Job Purpose
The role is required to provide dedicated ownership for identifying, classifying, labelling, and protecting sensitive data across Corporate, Rapid Rail, Rapid Bus, and AFC environments. Additionally, the role ensures consistent data protection controls, reduces the risk of data leakage, and drives awareness of proper data handling, safeguarding critical information and supporting organisational resilience.
Key Accountabilities
- Accountable for the design, implementation, and ongoing operation of Data Loss Prevention (DLP) controls to protect sensitive data across Corporate, Rapid Rail, Rapid Bus, and AFC environments.
- Ensures sensitive and critical data is systematically identified, classified, and labelled across structured and unstructured sources to enable effective protection throughout the data lifecycle.
- Implements, tunes, and maintains DLP solutions across endpoints, networks, cloud platforms, and applications, ensuring controls are effective without disrupting business operations.

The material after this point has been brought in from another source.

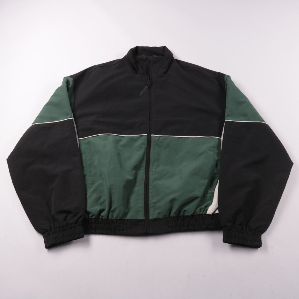Мужской бомбер без бренда, на молнии, с воротником-стойкой и эластичными манжетами/низом. Подойдёт для повседневной носки в демисезон, цветовой блок чёрный/зелёный с белыми вставками. Практичен тем, что ткань из полиэстера быстро сохнет и проста в уходе.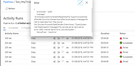 I have an activity that makes HTTP request to Azure functions app. Function does some processing and returns the result after that. Processing can last up to 15 minutes. But Data Factory activity fails with error "The remote server returned an error: (500) Internal Server Error" if request time is more than 225 seconds even if "Request timeout" property is set to 30 min and Azure function shows that it ran successfully . It doesn't depend on destination connector(tried Azure SQL DB, Data Lake Store etc). Are there any undocumented timeouts or tricks to avoid this?3KViews4likes1CommentAzure Storage Account Larger File Shares

- Monitors DLP alerts, investigates data leakage incidents, and coordinates remediation actions with IT, cybersecurity, and business teams to prevent recurrence.
- Translates data protection requirements into enforceable DLP policies, rules, and use cases aligned with business needs and organizational risk appetite.
- Works closely with IT, application, cloud, and business teams to embed data protection controls into systems and processes, while providing guidance on secure data handling practices.
- Supports enterprise-wide data protection awareness by enabling user education, reducing risky data handling behaviours, and reinforcing correct use of sensitive information.
- Measures DLP effectiveness, reduces false positives, tracks trends, and reports on data protection posture and incidents to support continuous improvement and management assurance.
Qualifications, Skills & Knowledge
- Bachelor's Degree in Cybersecurity, Information Technology, or equivalent.
- Certifications such as CompTIA Security+, CEH, GSEC, or Microsoft/AWS security certifications are preferred, or similar certifications are highly desirable.
- CDPSE (Certified Data Privacy Solutions Engineer) 2. Microsoft Purview DLP Training / SC 5003 (Information Protection & DLP).
- Minimum 5 years of working experience.
- SIEM (e.g., Microsoft Sentinel, Splunk, QRadar), WAF, endpoint protection, vulnerability scanners (e.g., Nessus, Qualys), DLP, antivirus/malware protection.
- TCP/IP, firewalls, VPNs, routing/switching, DNS, DHCP.